Find the line holding "Befestigter Zirkonia Messingring" in the entries below. Give it again exactly, along with every line after it up to and including the line holding "서울에 있는 데이터들만".

> **Given entries**:
++++++++

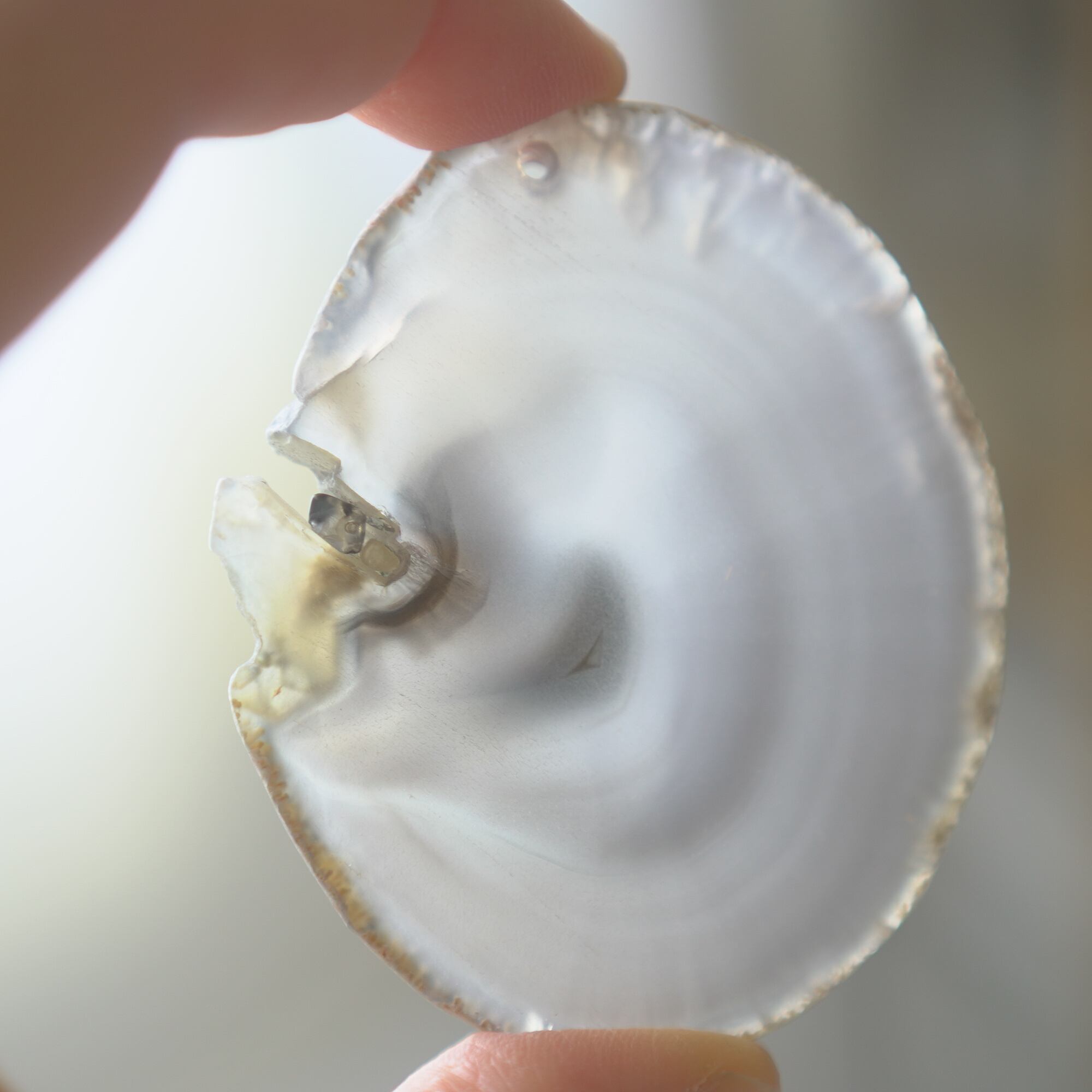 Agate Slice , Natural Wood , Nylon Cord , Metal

++++++++

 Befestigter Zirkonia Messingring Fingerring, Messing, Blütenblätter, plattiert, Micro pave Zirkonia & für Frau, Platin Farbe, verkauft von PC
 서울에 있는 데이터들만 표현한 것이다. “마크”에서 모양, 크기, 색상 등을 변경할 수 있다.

++++++++

> **Result for this exercise**:
 Befestigter Zirkonia Messingring Fingerring, Messing, Blütenblätter, plattiert, Micro pave Zirkonia & für Frau, Platin Farbe, verkauft von PC
 서울에 있는 데이터들만 표현한 것이다. “마크”에서 모양, 크기, 색상 등을 변경할 수 있다.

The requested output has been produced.